MetaPG-evolved losses: An arctan-clipped critic loss with a minimal-entropy actor loss improves zero-shot transfer and reduces instability by up to 67% over SAC in real-world and Brax continuous control settings, at minor performance cost (Garau-Luis et al., 2022).

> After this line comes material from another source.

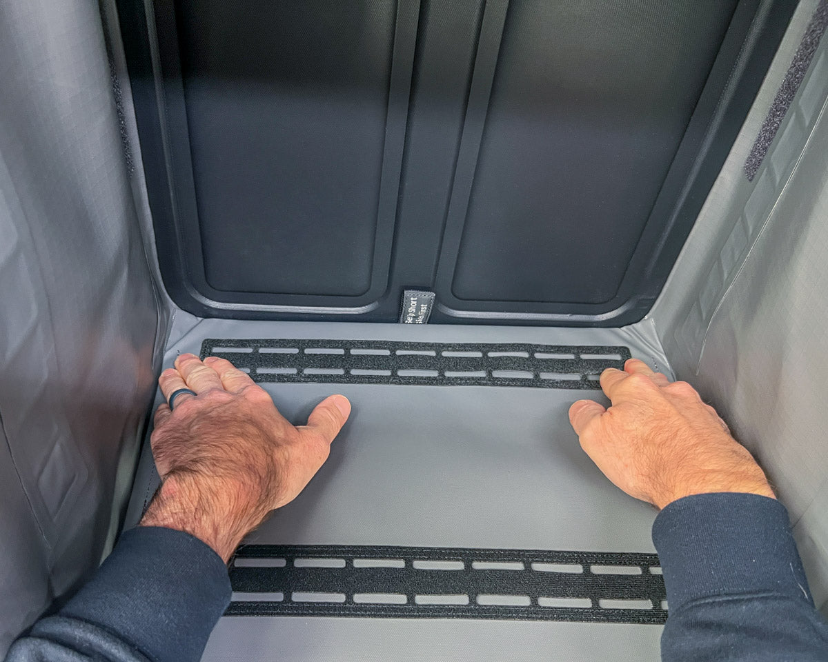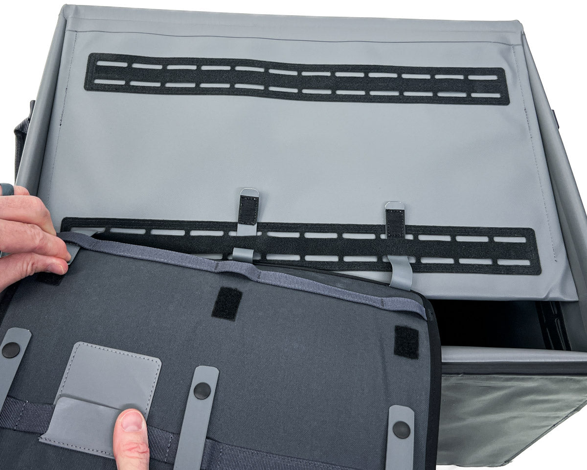 After removing the lid, flip all of the panels open. If you're planning to add pockets to the interior of your Gear Box, now is a good time to install them.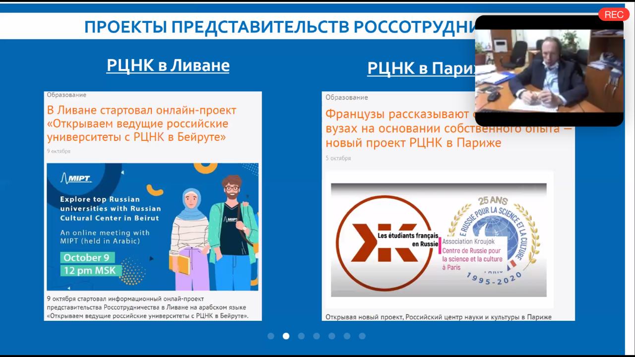 В рамках проблемно-целевого вебинара были подведены  итоги  года и  определение  перспективных  направлений реализации проекта в 2021 году. Так же участники вебинара обсудили наиболее проблемные вопросы, выявленным в ходе работы в 2020 году. Присутствующий на вебинаре начальник отдела сотрудничества в сфере высшего и  образования и науки Россотрудничества Игорь Анатольевич Поляченко подвел итоги приема иностранных студентов по квоте, а так же рассказал о дополнительных возможностях участия абитуриентов в отборе на получение квоты для обучения в российских вузах по программам аспирантуры.

Empirical Setting	Regularization Mechanism	Observed Effect
Online continuous control (Iwaki, 6 Feb 2025)	KL + entropy + bounded advantage	Faster/higher convergence vs. SAC, stability
Offline RL (Tarasov et al., 2024)	Weight decay, dropout, LayerNorm (actor only)	+3%–6% across IQL, ReBRAC; best with combined
MetaPG search (Garau-Luis et al., 2022)	Arctan TD-clip, minimal entropy loss	+4–20% generalizability, –30–67% instability

6. Design Principles, Limitations, and Extensions

Design: GRAC admits a modular loss design—choose domain-appropriate regularizers for the policy and/or value function, with possible architectural (e.g., layer norm) and optimization (e.g., two-timescale) strategies.
Limitations: Many convergence results require either finite spaces or linear approximation; extension to deep neural settings is largely empirical.
Extensions: Martingale and measure-theoretic frameworks (Jia et al., 2021, Zorba et al., 16 Oct 2025) extend GRAC to continuous time, ergodic control, and general action/state spaces. Automated loss search (MetaPG) further expands design freedom.

A plausible implication is that, as RL tasks and policies grow in complexity, investing in carefully chosen or even automatically discovered regularization—beyond entropy—within actor–critic architectures will remain essential for practical learning stability and transferability.